====== DATA SHOWN ======
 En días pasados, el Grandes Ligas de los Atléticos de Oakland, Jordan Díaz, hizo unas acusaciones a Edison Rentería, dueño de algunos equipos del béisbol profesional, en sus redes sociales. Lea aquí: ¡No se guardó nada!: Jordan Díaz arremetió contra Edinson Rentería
======
====== DATA SHOWN ======
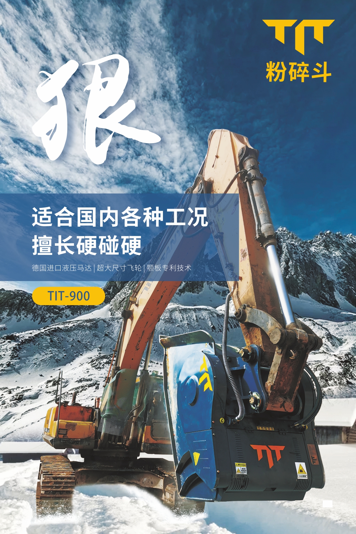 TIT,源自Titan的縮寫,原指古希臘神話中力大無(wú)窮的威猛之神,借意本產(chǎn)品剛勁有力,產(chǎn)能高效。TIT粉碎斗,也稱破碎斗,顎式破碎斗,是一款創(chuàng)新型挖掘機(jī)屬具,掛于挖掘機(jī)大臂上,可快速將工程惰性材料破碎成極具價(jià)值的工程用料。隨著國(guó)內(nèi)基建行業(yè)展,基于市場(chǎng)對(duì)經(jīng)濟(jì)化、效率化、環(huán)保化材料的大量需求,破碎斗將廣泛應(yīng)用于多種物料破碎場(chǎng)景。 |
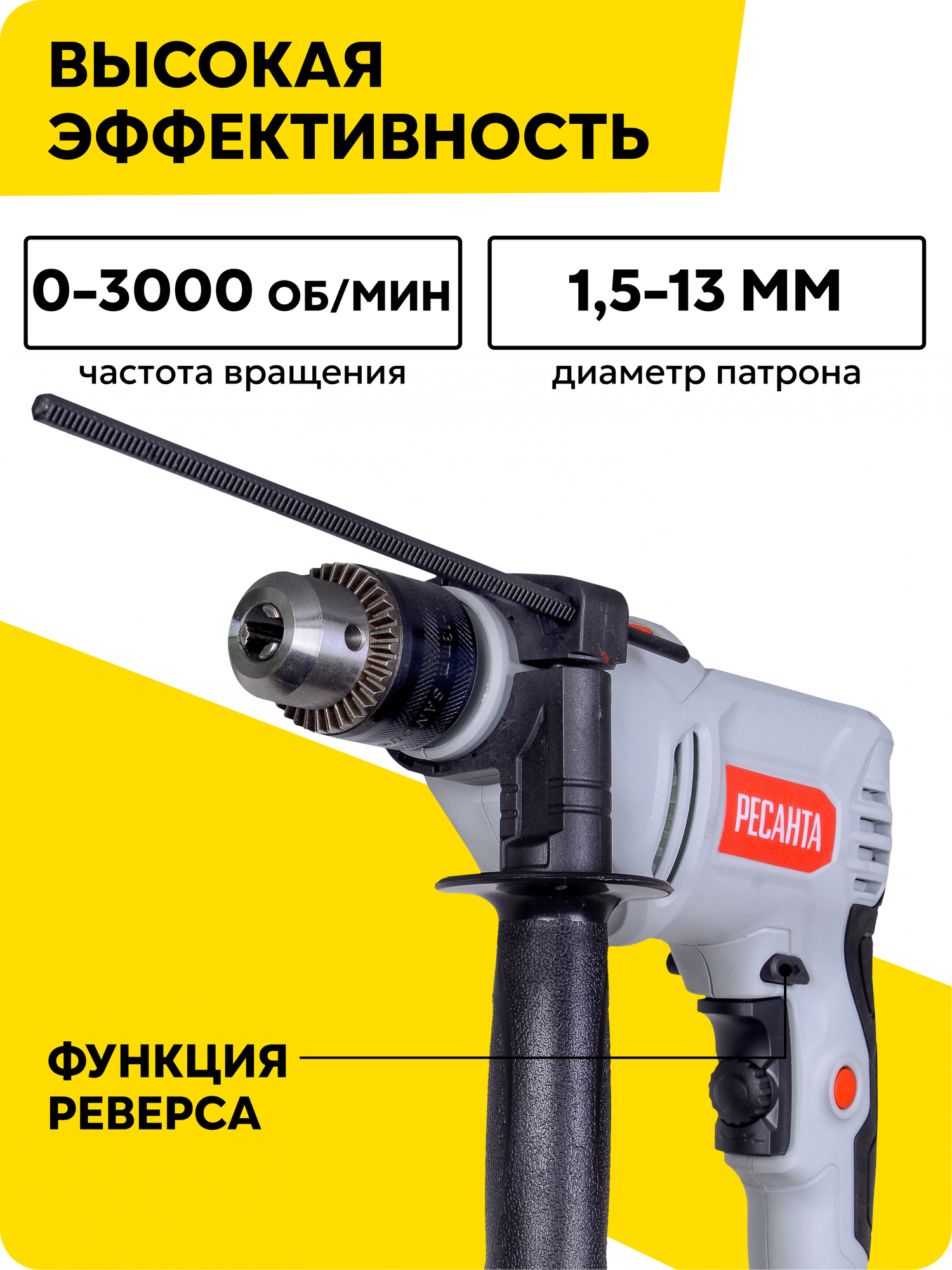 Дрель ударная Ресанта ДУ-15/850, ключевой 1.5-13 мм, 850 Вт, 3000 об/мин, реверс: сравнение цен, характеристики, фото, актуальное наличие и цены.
======
» EXERCISE REQUIREMENTS: Reproduce, word for word, everything in the listing above from the line containing "TIT,源自Titan的縮寫" down to the line containing "Дрель ударная Ресанта", both of them included. No pictures.

» SOLUTION:
 TIT,源自Titan的縮寫,原指古希臘神話中力大無(wú)窮的威猛之神,借意本產(chǎn)品剛勁有力,產(chǎn)能高效。TIT粉碎斗,也稱破碎斗,顎式破碎斗,是一款創(chuàng)新型挖掘機(jī)屬具,掛于挖掘機(jī)大臂上,可快速將工程惰性材料破碎成極具價(jià)值的工程用料。隨著國(guó)內(nèi)基建行業(yè)展,基于市場(chǎng)對(duì)經(jīng)濟(jì)化、效率化、環(huán)保化材料的大量需求,破碎斗將廣泛應(yīng)用于多種物料破碎場(chǎng)景。 |
 Дрель ударная Ресанта ДУ-15/850, ключевой 1.5-13 мм, 850 Вт, 3000 об/мин, реверс: сравнение цен, характеристики, фото, актуальное наличие и цены.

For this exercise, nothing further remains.